A análise realizada revelou a natureza inseparável do território, considerado como uma entidade composta tanto por dimensões materiais quanto simbólicas. Esta análise expôs as dinâmicas de poder existentes entre grupos dominantes e dominados, destacando como a literatura se torna uma ferramenta de expressão e denúncia desse fenômeno. As relações possessórias apresentadas na trama de Itamar Vieira Junior desempenham um papel fundamental ao evidenciar a riqueza resultante da interseção de três áreas do conhecimento aparentemente distintas: Literatura, Direito e Geografia.

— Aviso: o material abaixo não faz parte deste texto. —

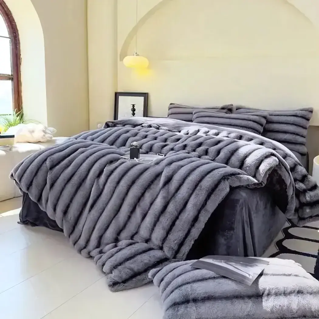 Серый цвет в сочетании с текстурой «меха» создаёт эффект многослойности в декоре. Универсальный вариант для тех, кто ценит лаконичность и функциональность в деталях.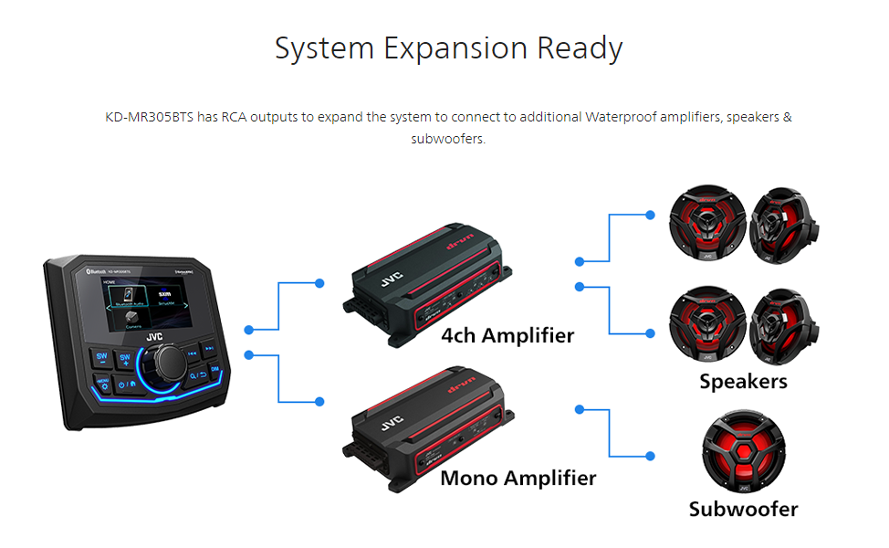 The KD-MR305BTS offers versatile system expansion options to enhance your onboard audio setup. With two sets of preamp outputs, including a switchable sub output, you have the flexibility to connect additional amplifiers, speakers, and subwoofers for a customized sound system tailored to your preferences. Plus, the rear-view camera input allows for easy installation of an optional camera for added safety while driving.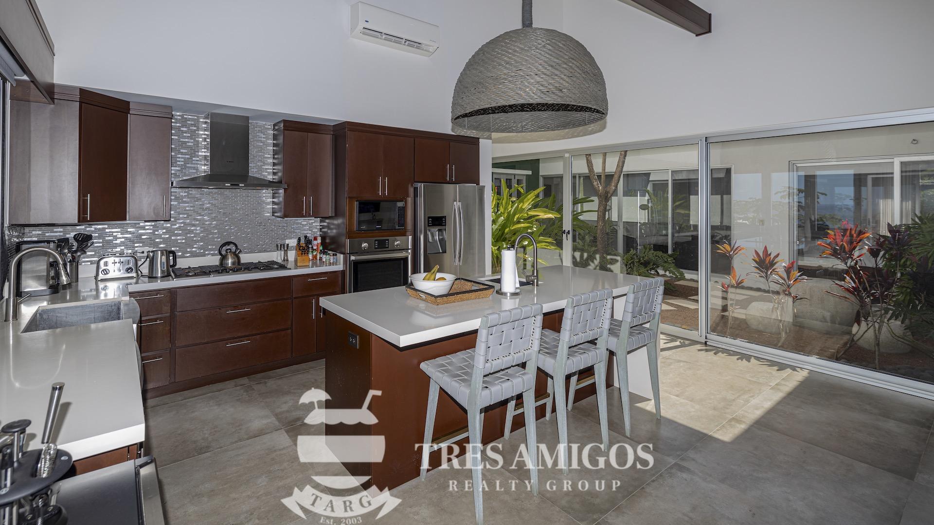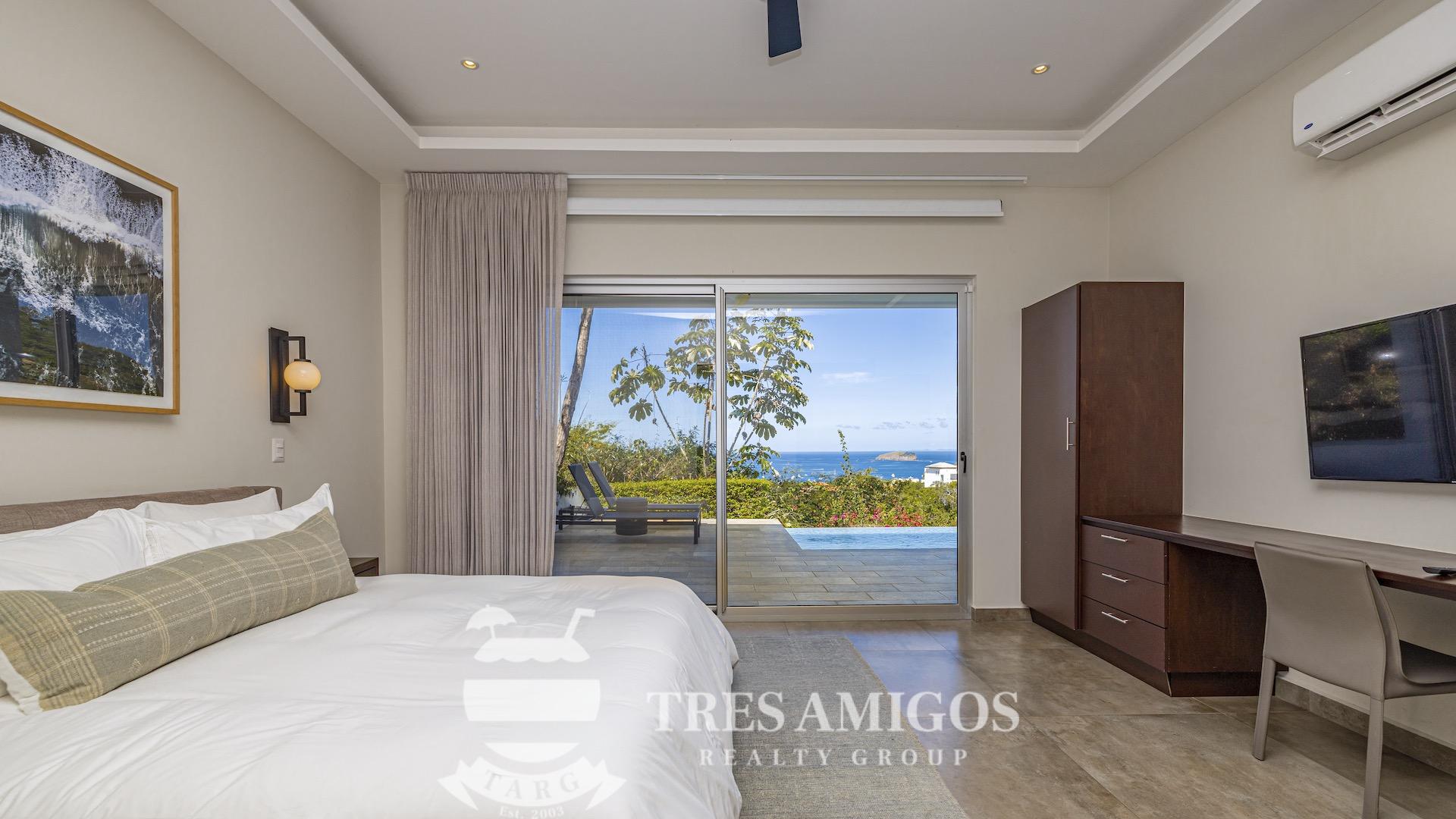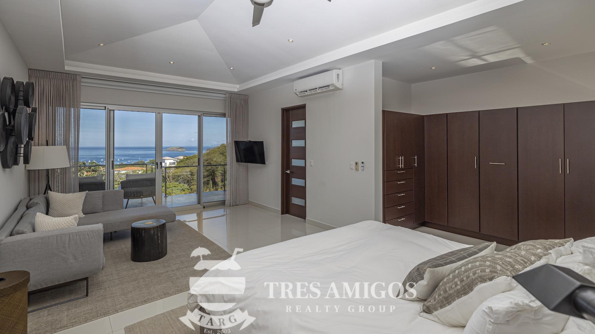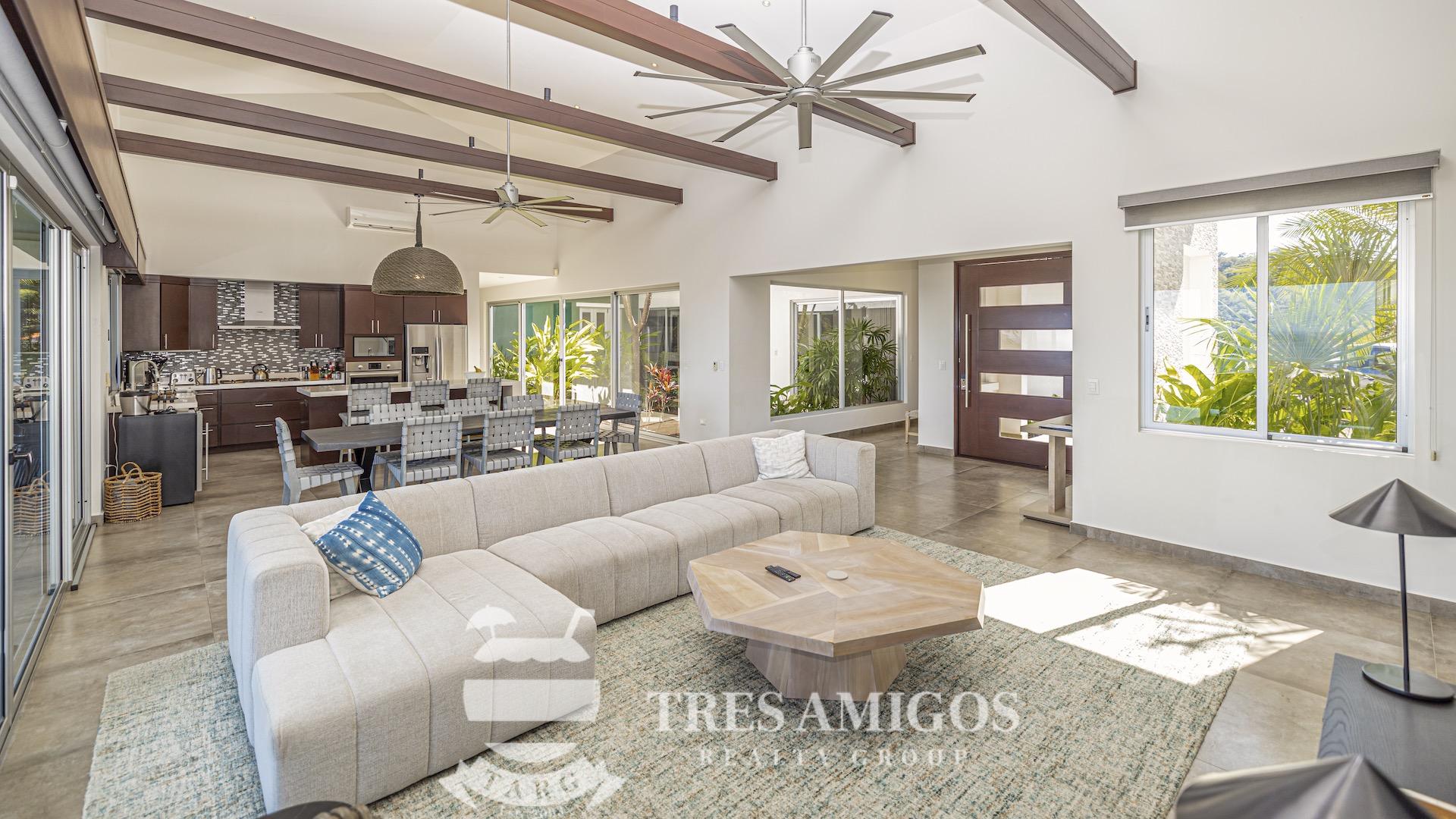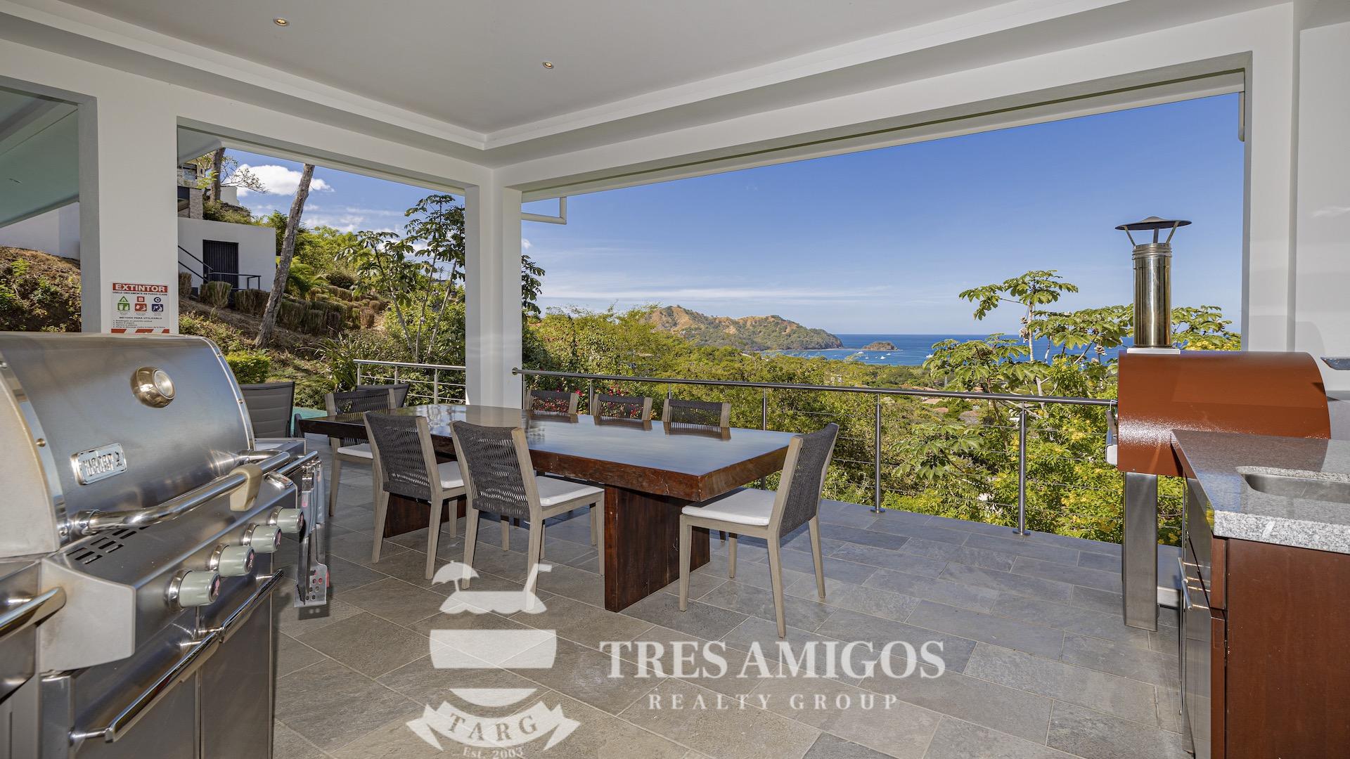 This impeccably built luxury residence offers 3,700 square feet of air-conditioned living space on a generous 1,834 square meter lot within the private, gated Pacifico community, boasting commanding ocean views over Playas del Coco and the Golfo Papagayo while remaining just minutes from the charm and conveniences of this vibrant beach town and nearby coastal destinations. Designed as an open-concept home for both refined living and effortless entertaining, the main living, dining, and kitchen areas flow seamlessly together and open directly onto the expansive pool terrace, creating a perfect indoor–outdoor lifestyle. The home features an infinity-edge pool, outdoor jacuzzi, sauna with full bath, and a lower ocean-view terrace, complemented by multiple shaded terraces with lounge areas, separate dining areas both indoors and outdoors on the shaded terrace, an outdoor grill, and a wood-fired pizza oven. A large internal Zen garden provides a tranquil architectural focal point, beautifully connecting the great room with the air-conditioned media and game room, which also offers the flexibility to be converted into an additional bedroom. The property includes a fully equipped main kitchen plus an additional full kitchen, an expansive second-floor primary suite with stunning views, and three additional en-suite bedrooms on the main level, all generously sized to accommodate king beds. Additional highlights include a Sonos sound system, attached two-car garage, high-quality construction and finishes throughout, full air conditioning, and a triple filtration and water softening system delivering bottled-water quality from every tap. Ideally located just minutes from multiple beach towns and a full array of services including shopping, dining, nightlife, watersports, medical and dental care, and only 25 minutes from Guanacaste International Airport (LIR), owners also enjoy access to Pacifico’s exceptional amenities and the exclusive Pacifico Beach Club with direct access to the sandy beaches of Playas del Coco, oceanfront dining, and resort-style pools and lounge areas, completing a truly elevated coastal lifestyle.

Por meio da literatura, torna-se possível para o sujeito não apenas se aproximar do Outro, vivenciando cenários que seriam inacessíveis de forma isolada, mas também compreender as nuances da dominação neoliberal e as categorias jurídicas que a promovem ou a combatem. No entanto, é importante reconhecer que a denúncia é apenas uma das múltiplas funções que a literatura pode desempenhar como instituição, uma característica que não deve obscurecer a riqueza e a complexidade da disciplina em sua totalidade.